Malheureusement, ce n’est pas toujours facile d’identifier les équivalents modernes du mouvement perpétuel. Le langage de la physique de haut vol est souvent abscons et les théories de pointe traitent de phénomènes abstraits, dont le profane n’aura aucune appréhension intuitive.

Non sans l’exagérer peut-être à dessein, Weinberger fait preuve d’une ignorance abyssale de la physique. Ceci a pu désarmer certains de ses interlocuteurs, en particulier les sectateurs du hafnium qui se sont livrés ou qui lui ont ouvert les portes de leurs laboratoires, non sans une certaine candeur...

Le fait qu’elle soit une femme a sans doute joué aussi; la plupart de ses interlocuteurs sont des hommes. Or, depuis au moins l’explication de l’astronomie à une jolie marquise par Fontenelle, les physiciens ont rarement refusé de parler à une belle ignorante, surtout s’il s’agit d’expliquer ce qu’ils font.

Le texte n’est pas exempt de défauts. Il y a des coquilles, des répétitions et des explications scientifiques qui n’en sont pas. Sharon Weinberger n’essaie pas de faire de la vulgarisation scientifique; elle s’en tient à son rôle de témoin et de journaliste. Elle ne tente pas de faire rentrer l’ensemble dans un cadre théorique comme le ferait une sociologue des sciences et l’intention politique n’apparaît que dans l’épilogue, qui dresse un parallèle explicite entre le rejet par l’administration Bush du savoir des experts (dans le cas des armes de destruction massive, par exemple) et l’adhésion des officiels à une idée essentiellement rejetée par les meilleurs physiciens du pays.

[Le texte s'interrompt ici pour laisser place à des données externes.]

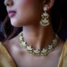 Trendy white stone kundan stone green bead choker necklace with earrings TG432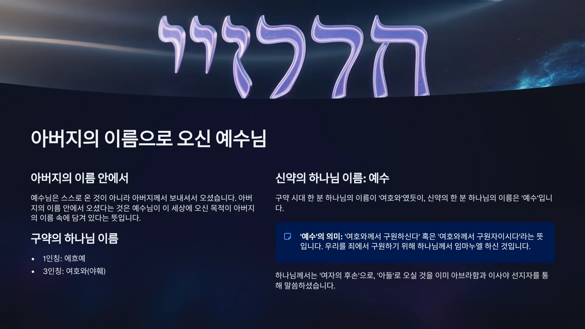 예수께서는 유대인들에게 말씀하시는 중에 예수 자신이 '아버지의 이름 안에서' 왔다고 말씀하셨다(요5:43). 예수께서는 스스로 온 것이 아니었기 때문이다. 아버지께서 보내셔서 오셨기 때문이다. 그러므로 예수께서는 한사코 아버지를 "나를 보내셨던 분"이라고 말씀하셨다. 그렇다면 예수께서는 대체 어떻게 아버지로부터 오셨다는 말인가? 그것은 아버지의 이름 안에서 오신 것을 가리킨다. 그렇다면, 예수께서 아버지의 이름 안에서 왔다는 말은 또 무슨 뜻인가? 그것은 예수께서 이 세상에 오신 목적이 아버지의 이름 속에 담겨 있다는 뜻이며, 예수께서는 그 일을 위해서 오셨다는 것이다. 그렇다면, 아버지의 이름 속에는 어떤 뜻이 담겨 있는가? 구약 시대에 아버지의 이름은 대체 무엇이었는가? 그것은 1인칭으로 보면, '에흐예'이시고, 3인칭으로 보면 '여호와(야훼)'이시다(출3:14~15). 그런데 아버지께서 인류를 구원하기 위해 아들을 보내셨다. 아니 실제로는 아들로 오신 것이다. 다시 말해 아버지께서 아들을 이 세상에 보내신 이유는 인류를 구원하기 위해 보내신 것이다. 그러므로 예수께서 아버지의 이름 안에서 왔다는 것은 하나님께서 여호와로서 인류를 구원하고자 왔다는 것을 의미한다. 그러므로 하나님의 새 이름이 바로 '예수'이신 것이다. 왜냐하면 구약 시대에 한 분 하나님의 이름이 '에흐예'이든지 '여호와(야훼)'였듯이, 신약의 한 분 하나님의 이름은 '예수'이기 때문이다. 왜냐하면 '예수'라는 이름의 뜻은 '여호와께서 구원하신다' 혹은 '여호와께서 구원자이시다'라는 뜻이기 때문이다. 우리 죄 많은 인간을 죄 가운데서 구원하기 위해 하나님께서 임마누엘 하신 것이다(마1:21~23). 그렇지만 유대인들은 하나님께서 아들로 오셨다는 것을 정말 모르고 있었다. 아니 그럴 것이라고 전혀 생각하지 않고 있었다. 하지만 이미 하나님께서는 '여자의 후손'으로(창3:15) 그리고 '아들'로 오실 것이라고 아브라함과 사라에게 직접적으로 말씀해 주셨을 뿐만 아니라(창18:10,14), 이사야 선지자에게 예언적으로 선포하도록 하셨다(사9:6). 그러나 오직 세상 사람들로부터 영광을 취하기 위해 혈안이 되어 있었던 그들은 구약 성경을 그토록 많이 보았지만 거기에 기록된 채 있는 아들을 발견하지 못했다.

Weinberger finit par se rendre compte que son sujet s'est transformé sous ses yeux. En fin de compte, il n'est plus seulement question d'une arme imaginaire dont un physicien enthousiaste a fait l'appât qui lui ouvre les coffres de l'État aux dépens d'administrateurs crédules. Le débat repose en dernière analyse sur une controverse scientifique, presque à l'état pur. Ni Thomas Kuhn ni Karl Popper ne sont invoqués, même si les défenseurs de Collins s'appuient implicitement sur l'incommensurabilité des paradigmes scientifiques qui se succèdent dans le temps tandis que les critiques de Collins s'en prennent à l'impossibilité de réfuter des affirmations qui ne cessent de changer. En revanche, les critiques de Collins ressortent un aphorisme qui a déjà servi : « Extraordinary claims demand extraordinary proof » (p. 71). Et Weinburger n'omet pas de présenter le concept de science pathologique d'Irving Langmuir.

Les scientifiques ont leur propre épistémologie. Sous une forme ramassée, trois critiques de Collins la résument ainsi, selon Weinberger : « Neither we nor anyone else can predict in advance how nature will judge our efforts [...] Instead, we must rely on the usual trusted (but imperfect) criteria employed by the scientific community to judge emerging results: peer review and reproducibility across diverse research groups. Both of these are inherently retrospective, rather than prospective, activities. » (p. 225) Les sociologues des sciences reprochent souvent aux scientifiques leur scientisme, mais ils négligent tout aussi souvent de rappeler que les scientifiques professionnels sont parfaitement conscients de se reposer sur la méthode scientifique *faute de mieux*. Le cas de la secte du hafnium rappelle à quel point cette exigence imparfaite est contraignante.